RE: [PATCH] NFSv4: nfs4_do_fsinfo() should not do implicit lease renewals
From: Robert Milkowski
Date: Mon Dec 16 2019 - 13:36:30 EST
Hi,
If a sub-filesystem (nfsv4 mirror mount) gets unmounted and then mounted
again (by accessing it) the nfs4_do_fsinfo() function is called,
which currently assumes implicit lease renewal. I believe this is no
compliant with the RFC.
I've managed to trigger the issue by two different methods:
1) in prod
If there is an NFSv4 filesystem mounted with sub-mounts (similar setup as
below), after nfs_mountpoint_expiry_timeout of inactivity,
Each submount will be unmounted. If now it gets accessed again it will be
automatically mounted again which will result currently
in implicit lease renewal on the client side which in turn can result in a
relatively small window where the client thinks its lease
is still valid while an nfs server has already expired the lease.
2) manual unmount
# cat /etc/exports
/ *(rw,sync)
/var *(rw,sync)
On a Linux NFS client:
# mount -o vers=4 10.50.2.59:/ /mnt/3
$ head /mnt/3/var/log/vmware-vmsvc.log >/dev/null
$ df -h | tail -2
10.50.2.59:/ 29G 25G
2.3G 92% /mnt/3
10.50.2.59:/var 20G 2.2G
16G 13% /mnt/3/var
# while [ 1 ]; do date; umount /mnt/3/var; ls /mnt/3/var >/dev/null; sleep
10; done
...
By constantly unmounting the sub-filesystem (/var) and then accessing it so
it gets mounted again (which triggers the nfs4_do_fsinfo()),
the cl_last_renewal is set to now on the client which prevents RENEW
operations from being send, and eventually the NFS server
will expire the lease (common defaults are 60s on Linux and 90s on Solaris
servers).
In testing I confirmed that both Linux and Solaris NFSv4 servers will not do
an implicit lease renewal in this case
(nfs4_do_fsinfo() results in GETATTR operations being send), in which case
the lease might expire and both Linux and Solaris
NFS servers will return NFS4ERR_EXPIRED.
The error is not handled correctly either and will result in EIO propagated
to an application issuing open().
See my other email with subject: [PATCH] NFSv4: open() should try lease
recovery on NFS4ERR_EXPIRED
which contains a fix for the NFS4ERR_EXPIRED handling.

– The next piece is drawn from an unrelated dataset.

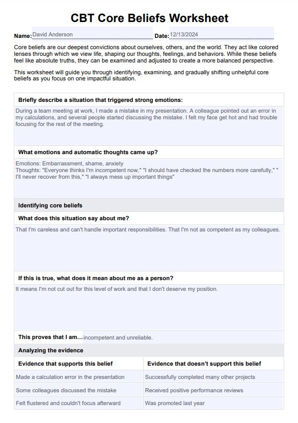 Download our CBT Core Beliefs Worksheet to help clients identify and challenge unhelpful core beliefs.

This patch however fixes the issue with implicit lease renewal by not
setting the cl_last_renewal to now,
unless there is no lease set yet.
This was tested with 5.5.0-rc2 and the provided patch is applied on top of
the 5.5.0-rc2 as well.
btw: Recent ONTAP versions return NFS4ERR_STALE_CLIENTID which is handled
correctly - Linux client will try to renew its lease and if successful it
will retry open().
Best regards,
Robert Milkowski